This page outlines our accuracy benchmarking methodology. For complete details, you can look at the source code, available from benchFFT home page; see also our speed benchmark methodology page.
To compute the accuracy of an FFT, we compare the transform of uniform pseudorandom numbers in [-0.5,0.5) with the output of an arbitrary-precision arithmetic FFT (with > 40 decimal places of accuracy). This is the forward error, defined as compare(FFT(x), exactFFT(x)). We also compute the backward error, by finding the input to the arbitrary-precision FFT that gives the same output; i.e. compare(exactInverseFFT(FFT(x)), x).
To compare two arrays, we use
compare(a, b) = ||a – b||n / ||b||nwhere ||x||n is the Ln norm of the vector x, defined by:
||x||n = (sum |xi|n)1/n
We compute the error for the L1, L2, and L∞ [= max(|xi|)] norms.
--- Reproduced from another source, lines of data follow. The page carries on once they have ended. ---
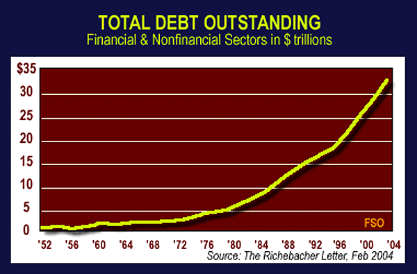 The one fact pertaining to all conditions is that they will change. Once a bull market dies and a bear market takes over - then one way or another, by hook or by crook, despite the manipulations of Washington and the power elite in NewYork - the bear market will go to its conclusion. The conclusion will find investors enveloped in black pessimism while stocks are selling at great values. At the bottom of the bear market, the so called "experts" will tell us that capitalism as we know it is finished, that stocks will never rise again, and that there is no future in investing." As usual, the so called "experts" will be wrong. So the big question is "Where are we now?" Again I defer to Mr. Russell who says it so much better than I can. "How does this information pertain to the present situation? Let's recount a bit of history. We rode through a great bull market that began in 1974 and ended in1999-2000. The first bear wave of this new bear market carried from 2000 to 2002. Following the end of the first bear wave, the market turned up and a corrective advance took the market to highs in January-February of 2004. Now the upward correction is breaking up - and the top is in. The bear market has now lasted a little over four years, but the Dow is still over 10000 and the S&P is trading just below a 50% retracement of its 2000 to 2002 bear market losses. The Nasdaq recovered about 25% of its bear market losses and is now turning down again. Values in a primary bear market deteriorate through time, and as I said - the bear market is now a bit over four years old. Underlying values have deteriorated, but prices have not declined that much. For this reason the bear may want to make up for lost time. If this occurs and the top is in, then the year 2004 could turn out to be a rather nasty affair. Based on my studies, we're now early in a long journey that will ultimately take the general stock market down to extreme undervaluation. This is the change that 98% of the population is not ready for - this is the change that 98% of the population can't even conceive of."
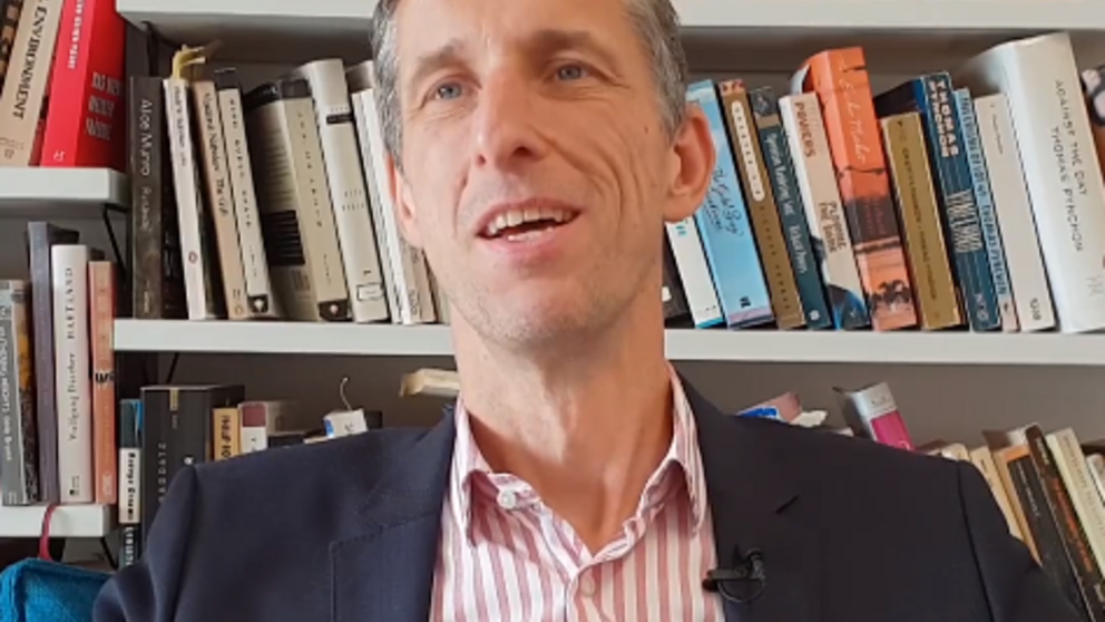 Foto (Universität Paderborn, Simon Ratmann): Die Facebook-Videoreihe zum Thema Lieblingsbuch startete am 10. Oktober mit einem Beitrag von Prof. Dr. Christoph Ribbat vom Institut für Anglistik und Amerikanistik der Fakultät für Kulturwissenschaften.
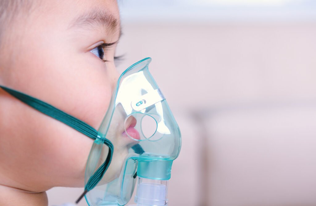 Closeup asian face little children boy sick he using steam inhaler nebulizer mask inhalation oneself, health medical care
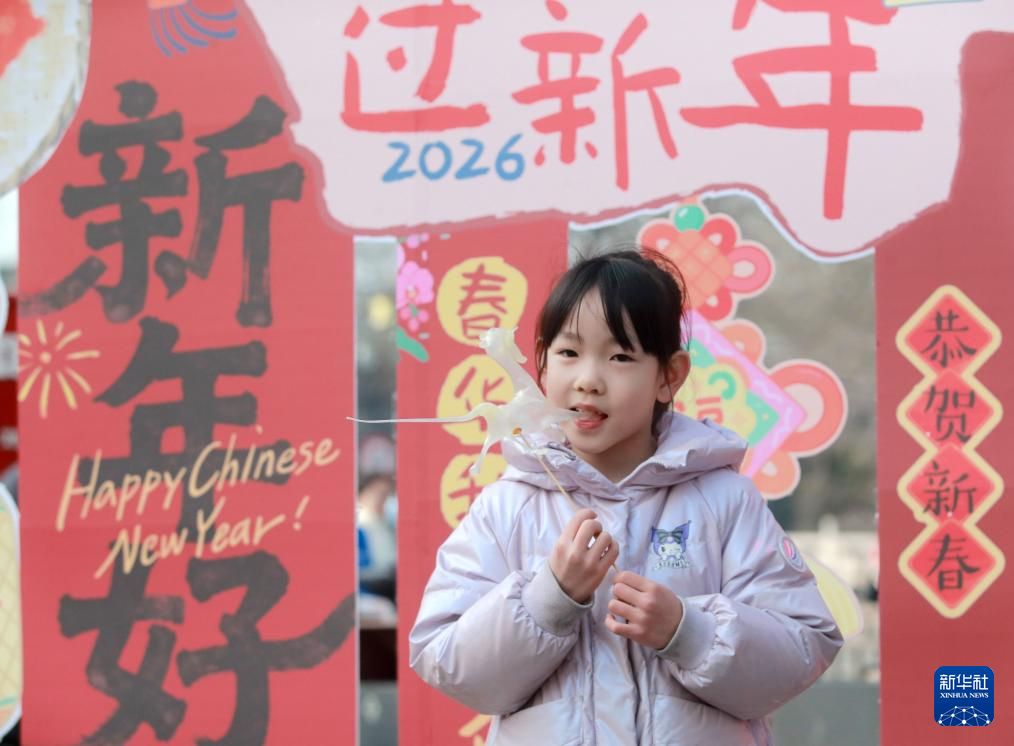 2月4日,在江蘇省揚州市錦旺社區(qū)“非遺迎新春”市集活動中,一名小朋友在品嘗糖人。新華社發(fā)(孟德龍攝)
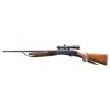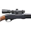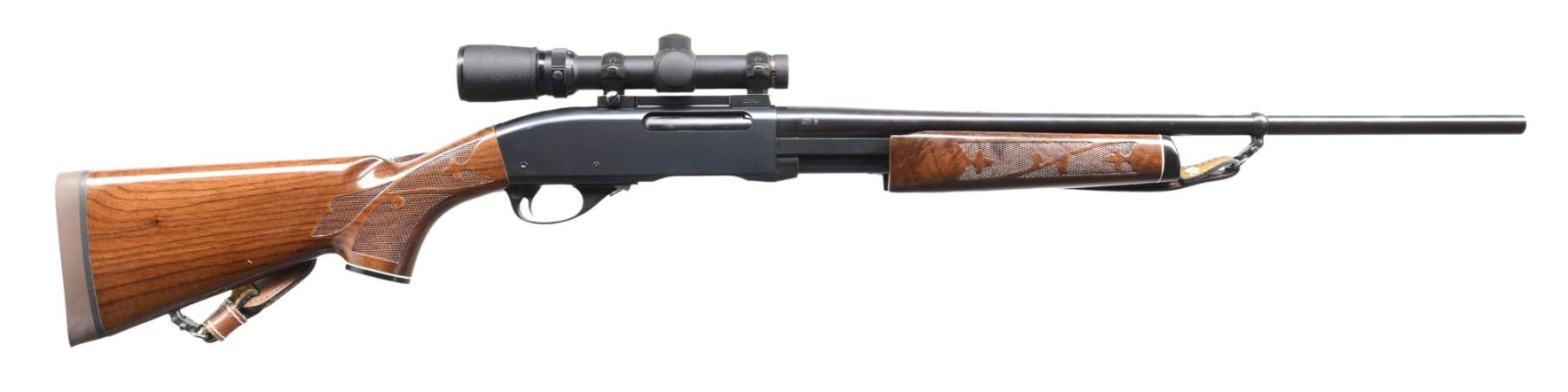 Cal. 35 Whelen. S# 8546926. Bbl. 22 1/2". Model 7600 pump action rifle mfg. by Remington. Left side of the bbl. is marked with Remington's mfg. information, followed by the cal. designation. Left side of receiver is marked with the Remington trademark logo above the S#, followed by "Model 7600". Receiver and bbl. exhibit a blue finish, with the aluminum trigger guard exhibiting a black anodized finish. Checkered wood fleur-de-lis pistol grip buttstock and pump. Front and rear iron sights are absent. Receiver is mounted with a Simmons Whitetail Classic 1.5-5x20 scope. Mag. is absent. CONDITION: excellent, with metal components retaining bountiful amounts of their original factory finishes, exhibiting some light wear on the mag. tube from cycling of the action, with few light superficial marks from handling and storage overall. Mirror bore, exhibiting well defined rifling throughout. Wood furniture is very good, showing a few minor marks and impressions from handling and storage. Scope retains a clear optic. (24-3439/MLW). MODERN. $1,200-1,800.

For random input, the L2 forward error of a well-implemented FFT routine grows as O(√log N), where N is the size of the transform (see also our commentary). Because the Fourier transform is a unitary linear transformation, the backward L2 error is equal to the forward L2 error (at least for the complex transform). No such equality exists for the other norms. We computed the backward errors as an additional consistency check, but we do not mean to attach any particular significance to them.
On a given platform, the same random inputs are used for all transforms of the same size and type. Our benchmark program can currently measure the accuracy of 1D transforms only (both complex and real).
In our graphs of FFT accuracy, we plot the L2 forward error for each FFT, on a log scale, as a function of size.
In order to keep the graphs readable, however, we only plot the "worst" results. That is, when a particular code has several variants (different radices, calling options, etcetera), we only plot the variant that is "on average" the least accurate (with a few exceptions, for codes of particular interest or for variants with radically different characteristics). We also only plot either the forward or the backward transform accuracy, whichever is worse "on average".
To quantify the "average" accuracy of a routine, and also to reorder the plot legend for improved readability, we define a plot rank for each FFT as follows. First, for each transform size in a plot, we compute a rank = log(error for FFT) / log(error for best FFT for that size). Then, the plot rank of a given FFT is defined as the median of its ranks for all sizes in the plot. The plot rank is only a convenient heuristic to produce useful plots, and it should not be interpreted as an absolute measure of accuracy.
In the raw benchmark data output, the accuracy for all routines, for both forward and backward transforms, is collected in the file
host.accuracy in the space-delimited format:
name-of-code transform-type transform-size forward-L1 forward-L2 forward-L∞ backward-L1 backward-L2 backward-L∞
where transform-type is a four-character string as described in our speed benchmark methodology page.